There are many other matters to which I could refer but I shall not do so to-night because we shall get a further opportunity in the course of the Estimates arising out of the Budget. However, if this Book of Estimates is an indication of what we are to expect from the Budget then the people will definitely have to straighten their shoulders. It is a long time since we were told that the farmer was bending at his knees: with the effect of the contents of this Book of Estimates on top of him, he will be on his knees—not bending. I do not believe that there is any need for extra taxation. When the day of reckoning comes in a few weeks' time and we all sit in this crowded House, with a crowded gallery, the Minister will present his Budget.

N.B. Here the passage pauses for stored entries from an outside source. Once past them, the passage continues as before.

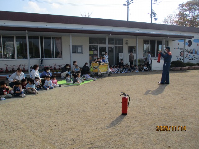 少し場所を移動して、全員で消防士さんからお話を聞きました。みんな、真剣な顔で話を聞いていました。次に、職員が初期消火のための消火器を使う練習をしました。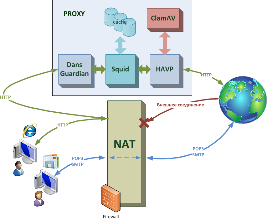 В нашем случае прокси-сервер представляет собой каскад из контент-фильтра DansGuardian, кэширующего прокси-сервера Squid и антивирусного прокси HAVP.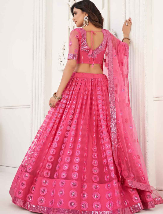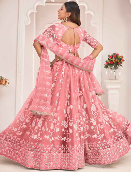 Pink Designer Embroidery Semi-Stitched Lehenga Choli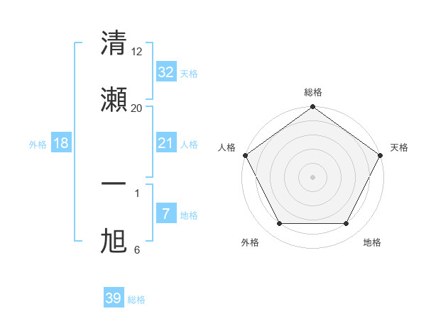 清瀬 一旭さんの総格は39画の5点!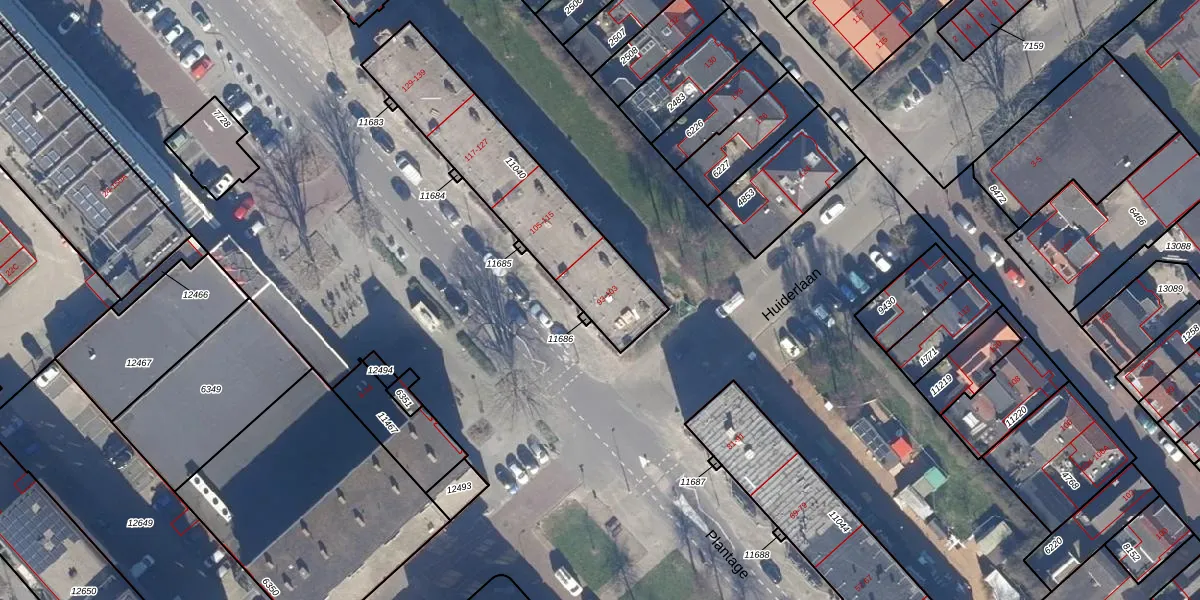 Het perceel waarop Plantage 101 staat heeft een oppervlakte van 719 m². Dit is een groot perceel. De perceeloppervlakte wordt geregistreerd door het Kadaster. Gedetailleerde informatie over de maten van dit perceel kunt u vinden in het rapport Kadastrale kaart met maatvoering van Plantage 101.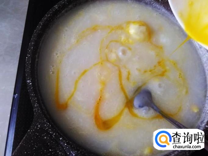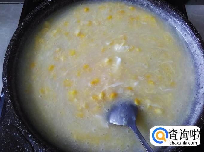 最后倒鸡蛋液进去,也是一边倒一边搅拌,倒完后就可以熄火了,美味的鸡蛋玉米羹就做好了。

He will have his carafe of water beside him——

That has nothing whatever to do with the Vote on Account.

——and he will inform us that what we did not believe was possible was achieved by the Fianna Fáil Government and that they have worked a miracle. He will inform us that, once again, Fianna Fáil have taken the affairs of this nation out of the fire and that only Fianna Fáil could have done that. The reason for the contents of this Book of Estimates is that the Fianna Fáil Government want to increase taxation. However, the people of this country will not be deceived. They are well aware of the situation. They are as capable of going into matters of this kind as any Deputy in this House. It is sometimes most amusing to hear some of these enlightened citizens give their views on the speeches made by various politicians, and especially on the views expressed by the present Minister for Finance in regard to taxation, deflation, the depletion of our sterling assets, the balance of payments and all the other subjects which have been referred to by him in the course of the past eight or nine months. I am convinced that there is no necessity for extra taxation.

We are not discussing extra taxation. It does not arise now.

This Book of Estimates indicates that there will be extra taxation and, at the same time, it is clear that were it not that we have a Fianna Fáil Government considerable relief would be forthcoming in that direction. I move to report progress.

Progress reported; committee to sit again.
The Dáil adjourned at 10.30 p.m. until 10.30 a.m. on Friday, 21st March, 1952.